Mehmet Okuyan - Kur’an Meal-Tefsir
14:4 (Allah'ın emirlerini) onlara açıklasın diye her elçiyi yalnız kendi kavminin diliyle gönderdik.1 Allah dileyeni (layık gördüğünü) saptırır, dileyeni (layık gördüğünü) de doğru yola ulaştırır.2 O güçlüdür, doğru hüküm verendir.
Dipnot
1- Bu cümlede Yüce Allah'ın peygamber görevlendirmedeki sistemine dikkat çekilmekte, her peygamberin yalnızca kendi kavminin diliyle görevlendirildiği ifade edilmektedir. Bu ayette dillerin birbirinden üstün olmadığına, vahyin ilk muhataplarının dilinin tercih edildiğine dikkat çekilmektedir. 
2- Bu cümle şöyle de tercüme edilebilir: "Allah dilediğini (layık olanı) saptırır, dilediğini (layık olanı) ise doğru yola ulaştırır."; "Allah (azabı tercih edip) dileyeni (layık gördüğünü) saptırır, (bağışlanmayı) dileyeni (layık gördüğünü) ise doğru yola ulaştırır." Benzer mesajlar: Bakara 2:284; Âl-i İmrân 3:129; Mâide 5:18, 40; Ra‘d 13:27; Nahl 16:93; Hacc 22:16; ‘Ankebût 29:21; Fâtır 35:8; Fetih 48:14; Müddessir 74:31.

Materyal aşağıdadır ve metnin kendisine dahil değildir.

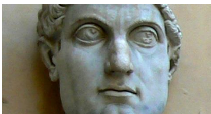
Keizer Constantijn de Grote (ca. 280-337) verbond zijn naam aan de stad
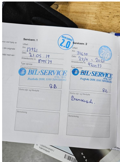
3.1 Dokumentert service, se bilde
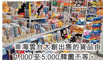
■海雲台大創出售的貨品由1,000至5,000韓圓不等。

Edip Yüksel - Mesaj: Kuran Çevirisi
14:4 Biz her elçiyi ancak halkının diliyle göndeririz ki onlara bildirebilsin. ALLAH dileyeni/dilediğini saptırır, dileyeni/dilediğini de doğruya ulaştırır. O, Güçlüdür, Bilgedir.1
Dipnot
1- * Cengiz Özakıncı tarafından yazılan "Dil ve Din" adlı kitap bu ayetin bildirdiği gerçeği güzel ve ilginç örneklerle tartışmaktadır.

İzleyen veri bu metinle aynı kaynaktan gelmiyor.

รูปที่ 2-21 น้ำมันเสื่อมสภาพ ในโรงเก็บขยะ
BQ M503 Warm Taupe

Erhan Aktaş - Kerim Kur'an
14:4 Biz, mesajımızı anlaşılır olarak iletebilmesi için hiçbir Resulü kendi halkının dilinden başka bir dille göndermedik. Allah, artık hak eden kimseyi1 saptırır, hak eden kimseyi1 de doğru yola iletir. O, Mutlak Üstün Olan'dır, En İyi Hüküm Veren'dir.
Dipnot
1- Literal olarak dilediğini: Dilediğini demek; hak edeni, doğru yolu bulma çabasında olanı anlamındadır. Allah, sapkınlığı gerektiren şeyleri yapanı saptırır; doğru yola iletilmeyi gerektiren şeyleri yapanı da doğru yola iletir, demektir. Kimin neyi hak ettiğine kararı Allah verir. Ayetteki "Şae" sözcüğü, "dilediğini" anlamının yanı sıra, "şey edeni", "gayret göstereni", "bir şey yapmak isteyeni" anlamına da gelmektedir.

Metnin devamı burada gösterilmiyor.